-- WHAT IS NEEDED --
Taking only the lines of the data below from the line with "智研咨询发布的《2020-2" to the line with "口语的话,我感觉自身不甚擅长", ends included, write them out exactly and without pictures.

MATERIAL PROVIDED Start Marker

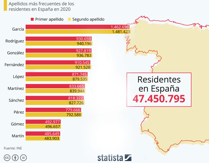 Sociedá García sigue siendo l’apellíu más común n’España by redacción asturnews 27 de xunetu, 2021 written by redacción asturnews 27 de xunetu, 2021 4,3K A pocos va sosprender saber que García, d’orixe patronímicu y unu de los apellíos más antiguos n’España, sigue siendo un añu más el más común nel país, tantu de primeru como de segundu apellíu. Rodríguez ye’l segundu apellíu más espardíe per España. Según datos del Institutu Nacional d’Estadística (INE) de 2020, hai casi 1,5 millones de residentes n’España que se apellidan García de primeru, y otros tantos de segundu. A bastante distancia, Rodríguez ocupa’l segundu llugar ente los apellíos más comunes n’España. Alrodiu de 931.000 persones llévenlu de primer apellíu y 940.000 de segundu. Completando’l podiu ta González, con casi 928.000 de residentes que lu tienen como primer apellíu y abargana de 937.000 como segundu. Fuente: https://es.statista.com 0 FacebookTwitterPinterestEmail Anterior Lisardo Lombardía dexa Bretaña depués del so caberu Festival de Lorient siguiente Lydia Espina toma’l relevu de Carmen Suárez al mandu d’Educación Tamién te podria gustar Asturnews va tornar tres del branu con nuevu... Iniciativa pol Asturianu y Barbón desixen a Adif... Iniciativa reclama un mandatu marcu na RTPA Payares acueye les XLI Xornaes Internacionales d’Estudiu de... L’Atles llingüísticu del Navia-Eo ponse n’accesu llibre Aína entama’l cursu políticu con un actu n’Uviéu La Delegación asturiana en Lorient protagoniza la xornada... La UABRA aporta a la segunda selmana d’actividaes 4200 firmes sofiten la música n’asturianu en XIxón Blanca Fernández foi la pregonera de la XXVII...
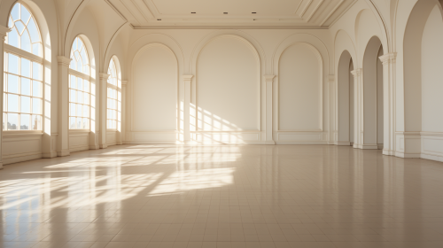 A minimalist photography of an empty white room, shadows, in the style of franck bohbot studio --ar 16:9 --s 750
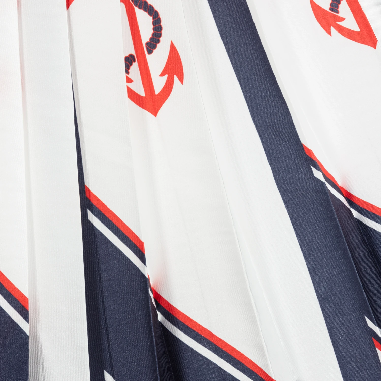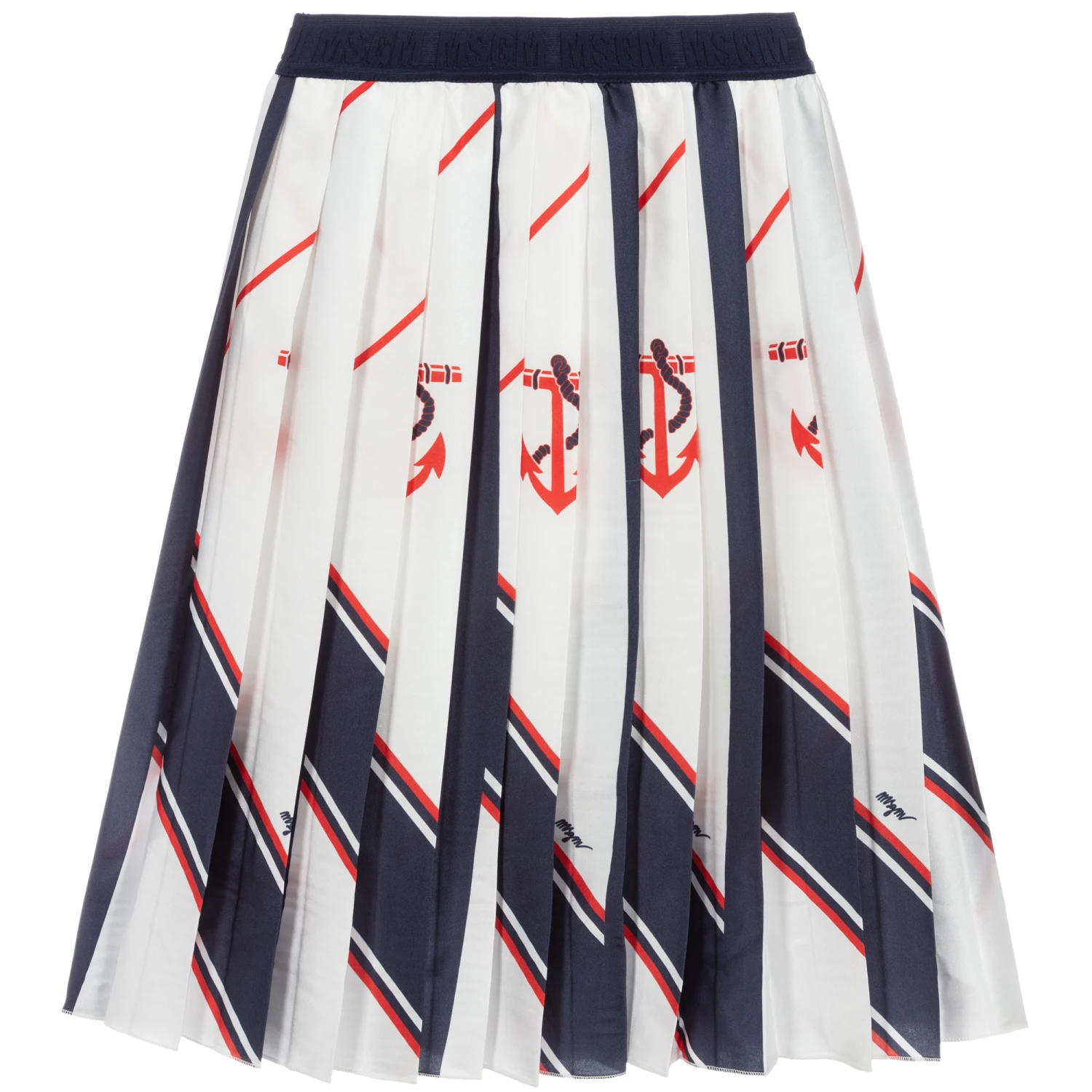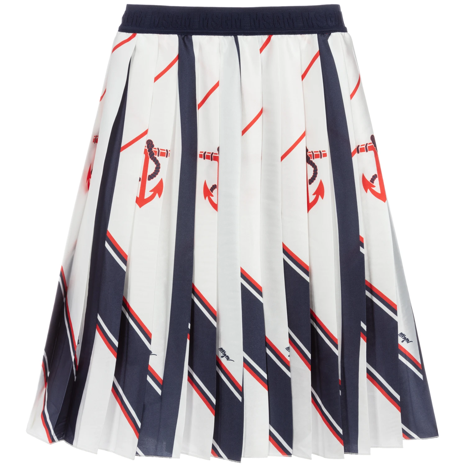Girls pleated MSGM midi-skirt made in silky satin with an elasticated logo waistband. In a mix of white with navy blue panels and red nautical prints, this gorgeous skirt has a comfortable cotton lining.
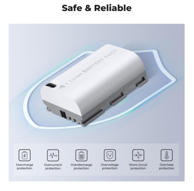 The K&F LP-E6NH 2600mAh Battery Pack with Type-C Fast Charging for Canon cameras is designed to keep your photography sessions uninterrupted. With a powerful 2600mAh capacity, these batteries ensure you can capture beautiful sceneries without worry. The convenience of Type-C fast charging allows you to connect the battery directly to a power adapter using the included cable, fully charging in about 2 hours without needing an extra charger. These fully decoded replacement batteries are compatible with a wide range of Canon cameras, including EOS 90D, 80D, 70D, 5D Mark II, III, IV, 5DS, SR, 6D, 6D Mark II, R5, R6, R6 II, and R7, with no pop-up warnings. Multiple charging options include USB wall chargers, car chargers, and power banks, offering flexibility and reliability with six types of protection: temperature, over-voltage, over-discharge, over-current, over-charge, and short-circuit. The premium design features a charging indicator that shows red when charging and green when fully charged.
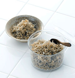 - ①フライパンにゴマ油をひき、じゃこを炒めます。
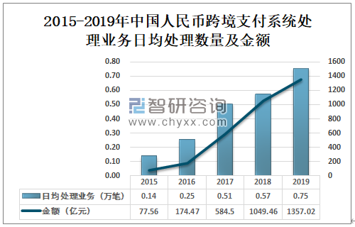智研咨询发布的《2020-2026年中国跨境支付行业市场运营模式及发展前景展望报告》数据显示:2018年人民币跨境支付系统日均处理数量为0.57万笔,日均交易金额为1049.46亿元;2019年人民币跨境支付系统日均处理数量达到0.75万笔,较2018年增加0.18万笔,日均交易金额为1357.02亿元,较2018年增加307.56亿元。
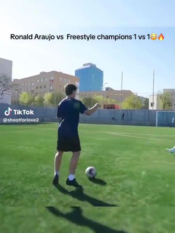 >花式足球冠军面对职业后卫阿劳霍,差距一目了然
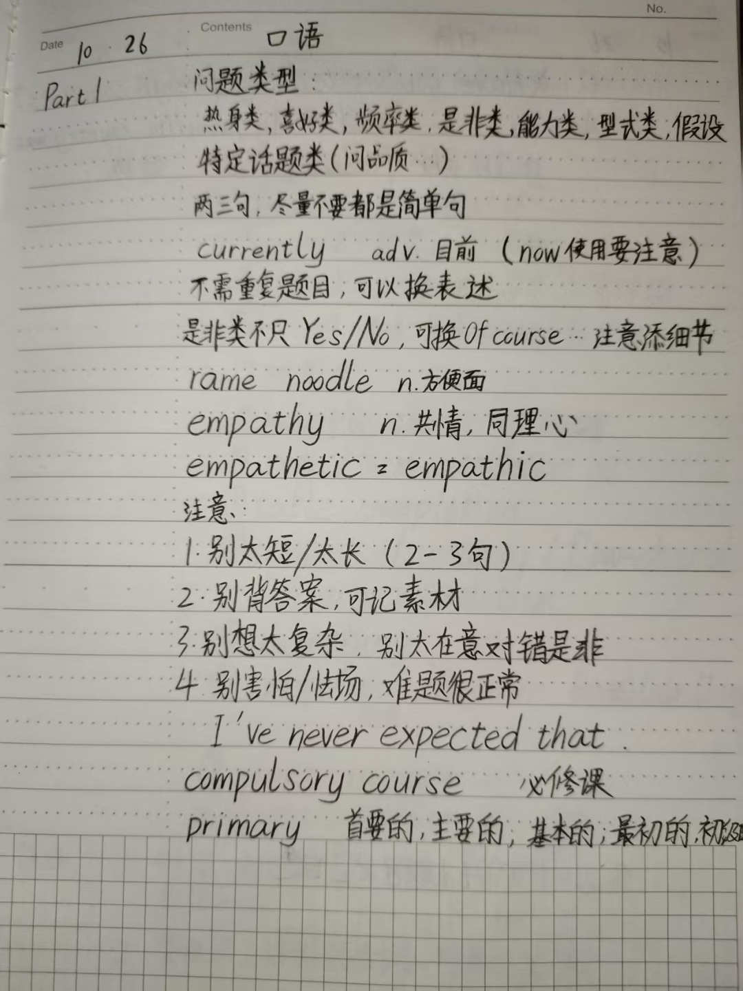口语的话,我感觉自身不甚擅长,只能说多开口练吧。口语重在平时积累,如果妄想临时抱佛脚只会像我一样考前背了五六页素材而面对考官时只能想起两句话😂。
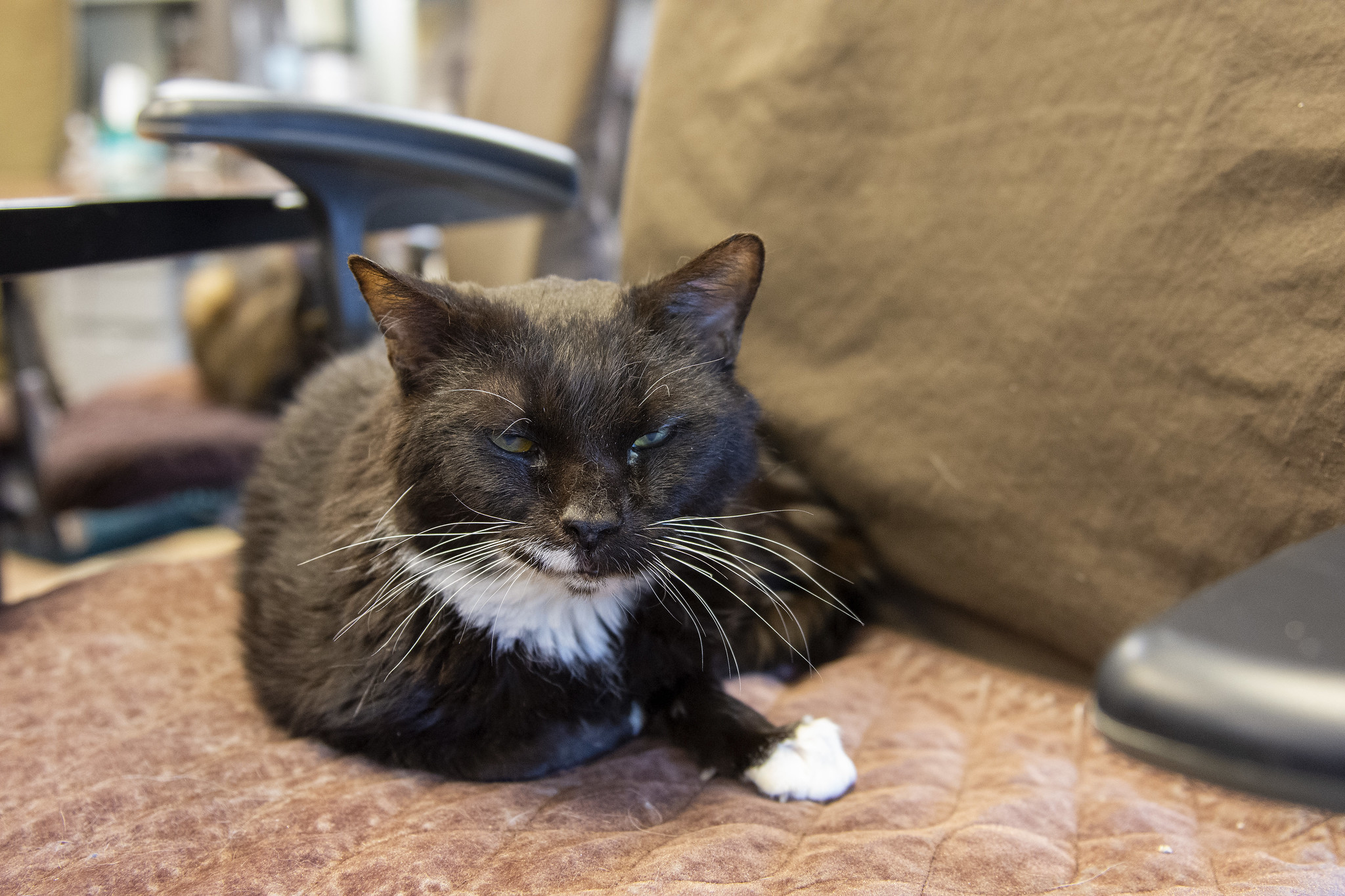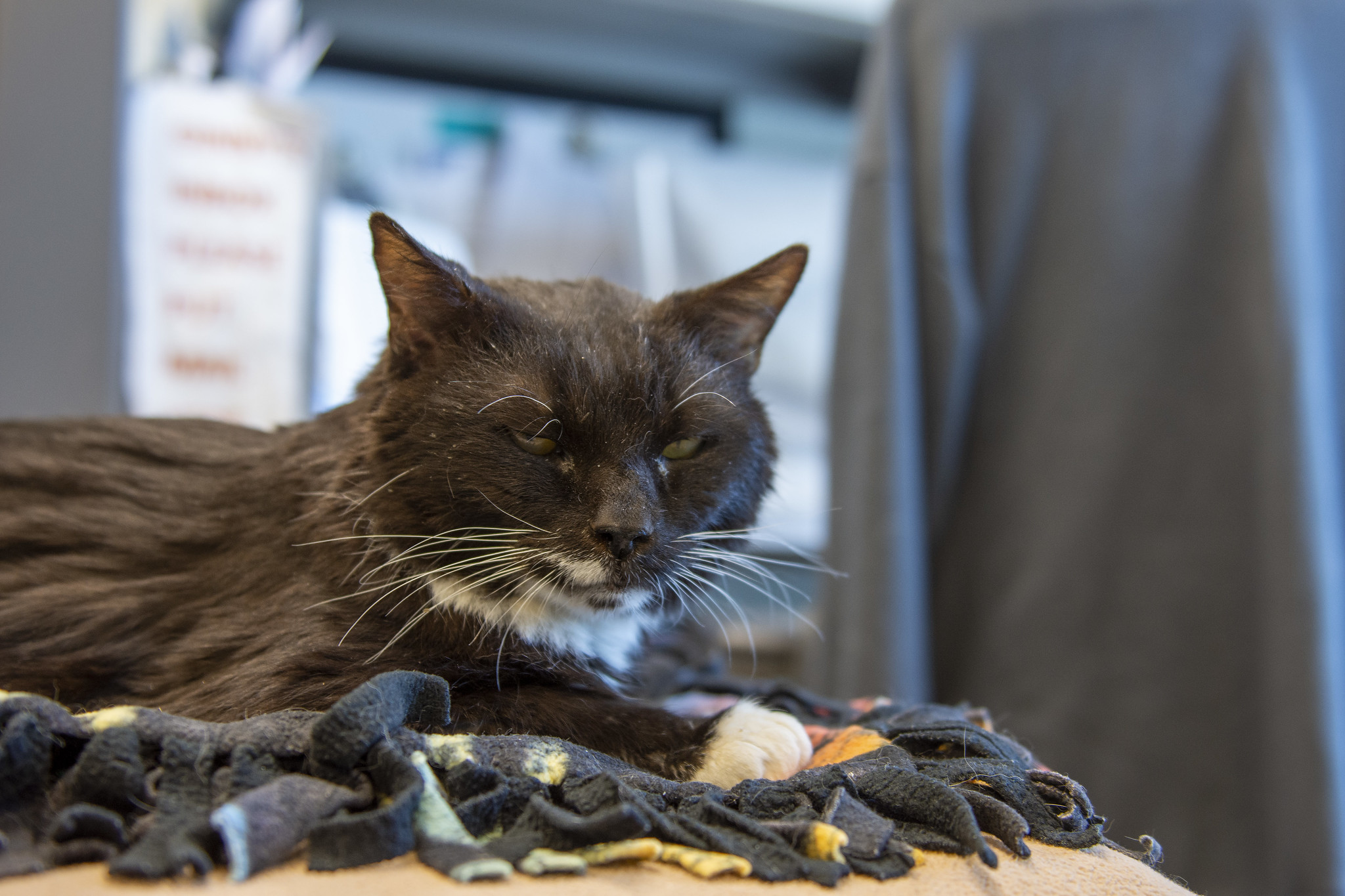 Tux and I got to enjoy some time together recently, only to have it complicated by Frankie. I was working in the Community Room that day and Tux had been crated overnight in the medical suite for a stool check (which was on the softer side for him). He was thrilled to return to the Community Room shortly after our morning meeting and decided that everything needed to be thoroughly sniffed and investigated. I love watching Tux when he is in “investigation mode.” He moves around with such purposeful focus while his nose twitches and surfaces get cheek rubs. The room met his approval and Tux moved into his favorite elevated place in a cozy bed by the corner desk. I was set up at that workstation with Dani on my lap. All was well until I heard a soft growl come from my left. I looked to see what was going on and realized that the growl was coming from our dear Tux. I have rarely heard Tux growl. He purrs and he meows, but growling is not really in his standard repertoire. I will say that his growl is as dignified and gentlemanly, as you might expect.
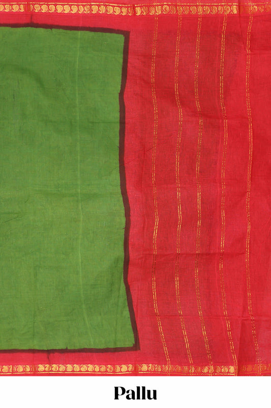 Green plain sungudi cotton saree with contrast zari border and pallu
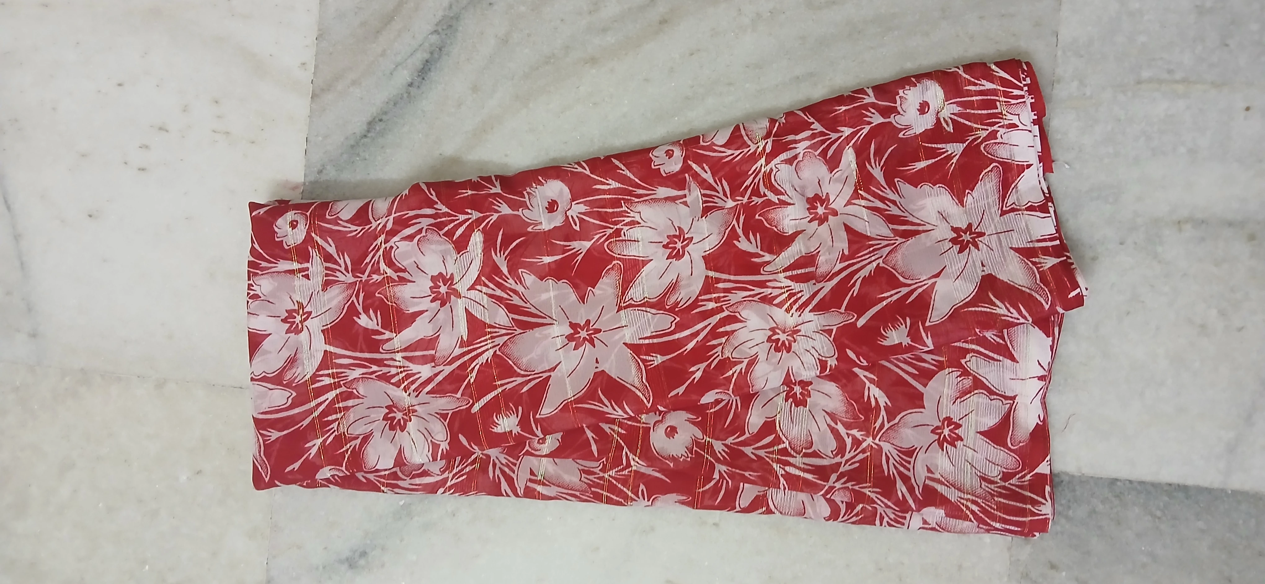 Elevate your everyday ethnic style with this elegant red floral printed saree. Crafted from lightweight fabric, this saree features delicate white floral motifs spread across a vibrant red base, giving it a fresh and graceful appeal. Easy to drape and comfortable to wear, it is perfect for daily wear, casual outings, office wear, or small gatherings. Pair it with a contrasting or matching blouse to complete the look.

MATERIAL PROVIDED End Marker

-- RESPONSE TO THE EXERCISE --
智研咨询发布的《2020-2026年中国跨境支付行业市场运营模式及发展前景展望报告》数据显示:2018年人民币跨境支付系统日均处理数量为0.57万笔,日均交易金额为1049.46亿元;2019年人民币跨境支付系统日均处理数量达到0.75万笔,较2018年增加0.18万笔,日均交易金额为1357.02亿元,较2018年增加307.56亿元。
 >花式足球冠军面对职业后卫阿劳霍,差距一目了然
口语的话,我感觉自身不甚擅长,只能说多开口练吧。口语重在平时积累,如果妄想临时抱佛脚只会像我一样考前背了五六页素材而面对考官时只能想起两句话😂。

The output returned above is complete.